Quantum innovation can also cause unease. Look no further than laws restricting the speed of cars to 15 miles an hour for proof.
Finally, quantum innovations tend to lead to future innovations. The car had been around for years when Dr. John Stapp began his research into the effects of rapid acceleration and deceleration on the human body for the Air Force. Stapp’s work completely changed how we see cars and, for that matter, how we survive accidents. Part of the reason we live so long is that it’s safe to get behind the wheel, thanks to Stapp.
This leaves two questions concerning quantum innovation. Can you pull it off, and what should you do when someone else does instead?
A Sudden Change
It’s worth noting that quantum innovation can often be a matter of perception. All the elements of many quantum innovations have been sitting around for years, sometimes decades, before somebody thinks to combine them, or before the infrastructure exists to support them. Often the innovation is not in the idea itself, but in overcoming the challenges that had prevented it from becoming reality.
So when seeking quantum innovation, start by questioning your basic assumptions. If you’ve always done something a certain way, ask yourself why. And if something was too expensive, has it changed in some way? If it didn’t work for your business model before, has your model changed?
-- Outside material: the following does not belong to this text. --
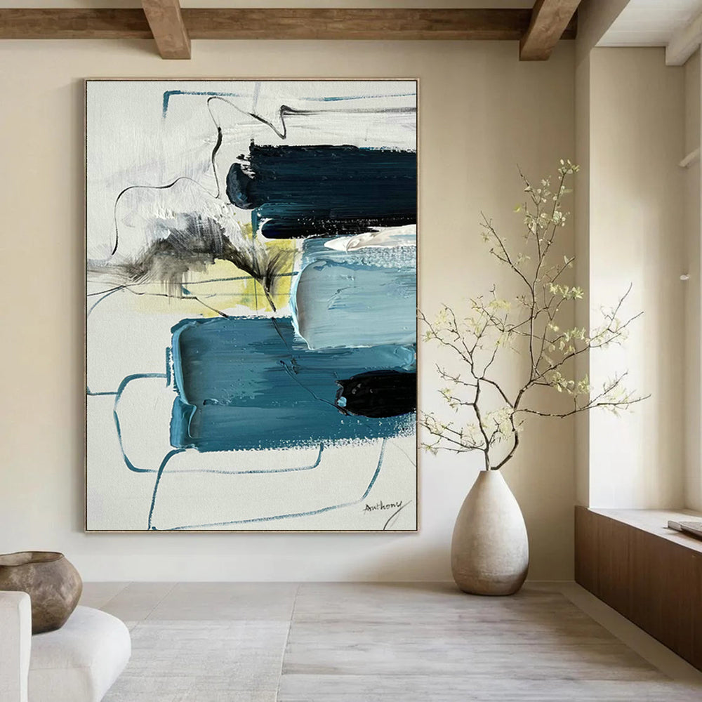 Blue - gray lines, simple yet with an urban artistic feel. In an urban - style library, hung in the reading area, the line art adds a cultural and artistic atmosphere to the quiet reading environment. When readers take a break, they can appreciate the art and relax. In a modern apartment living room, hung next to the TV background, paired with simple furniture, it enhances the living room’s artistic taste. When the family relaxes, it becomes an artistic embellishment in the warm atmosphere, making home time more aesthetically enjoyable.Handmade Acrylic/oil painting on canvas, Unframed/Not stretched. Packing: Rolled and shipped in a solid tube. The painting come with EXTRA 2-3 inch white border around for stretching or framing. Delivery time: You will receive the painting around 7-12 days( 3-5 days to finish the painting, 5-7 days to your home.by Fedex And Dhl)

Then, of course, there’s the question of what happens if somebody else gets there first. Again, the question is not “Can we imitate their innovation?” If you want to remain a leader, instead look at the assumptions they questioned and work from there. What “rules” did they break? and what risks did they accept? What approaches did they take that make sense for your business?
Businesses that have been taken by surprise by quantum innovation often have to ask themselves hard questions about how they operate, why they were put on the back foot, and how to regain the lost ground. Sometimes these questions have answers that are tough to hear, but that makes it all the more important to ask them.